What the exercise asks. Repeat the entries below exactly, pictures excluded.

*** Begin section ***

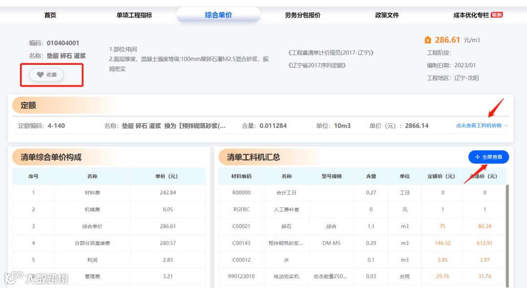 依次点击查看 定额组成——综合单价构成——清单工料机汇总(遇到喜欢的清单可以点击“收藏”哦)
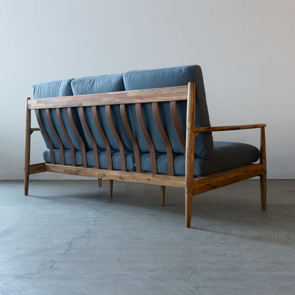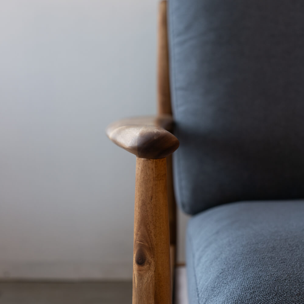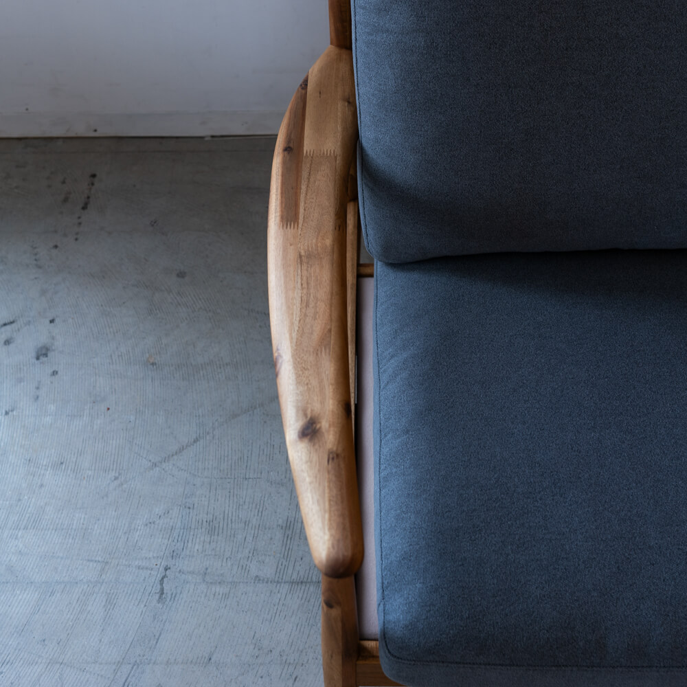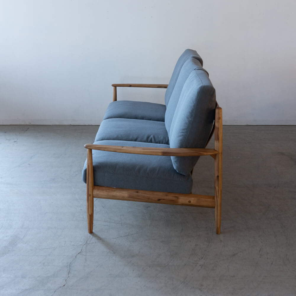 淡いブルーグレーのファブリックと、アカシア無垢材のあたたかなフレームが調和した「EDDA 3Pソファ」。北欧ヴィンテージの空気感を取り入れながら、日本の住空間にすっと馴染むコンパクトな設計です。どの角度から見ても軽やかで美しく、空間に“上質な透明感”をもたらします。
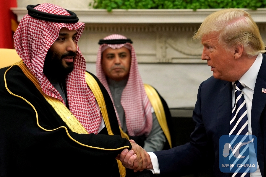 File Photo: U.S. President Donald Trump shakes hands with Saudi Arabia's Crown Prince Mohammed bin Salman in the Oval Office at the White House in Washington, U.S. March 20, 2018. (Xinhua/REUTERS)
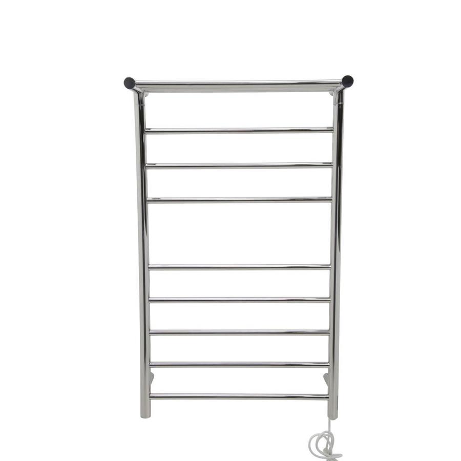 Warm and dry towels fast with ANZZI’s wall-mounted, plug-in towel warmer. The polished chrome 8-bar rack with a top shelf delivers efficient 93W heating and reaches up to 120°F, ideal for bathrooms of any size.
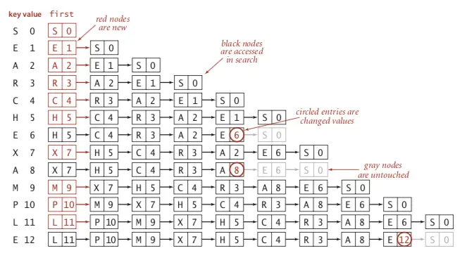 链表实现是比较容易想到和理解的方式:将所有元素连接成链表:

*** End section ***

Task solution.
 依次点击查看 定额组成——综合单价构成——清单工料机汇总(遇到喜欢的清单可以点击“收藏”哦)
 淡いブルーグレーのファブリックと、アカシア無垢材のあたたかなフレームが調和した「EDDA 3Pソファ」。北欧ヴィンテージの空気感を取り入れながら、日本の住空間にすっと馴染むコンパクトな設計です。どの角度から見ても軽やかで美しく、空間に“上質な透明感”をもたらします。
 File Photo: U.S. President Donald Trump shakes hands with Saudi Arabia's Crown Prince Mohammed bin Salman in the Oval Office at the White House in Washington, U.S. March 20, 2018. (Xinhua/REUTERS)
 Warm and dry towels fast with ANZZI’s wall-mounted, plug-in towel warmer. The polished chrome 8-bar rack with a top shelf delivers efficient 93W heating and reaches up to 120°F, ideal for bathrooms of any size.
 链表实现是比较容易想到和理解的方式:将所有元素连接成链表:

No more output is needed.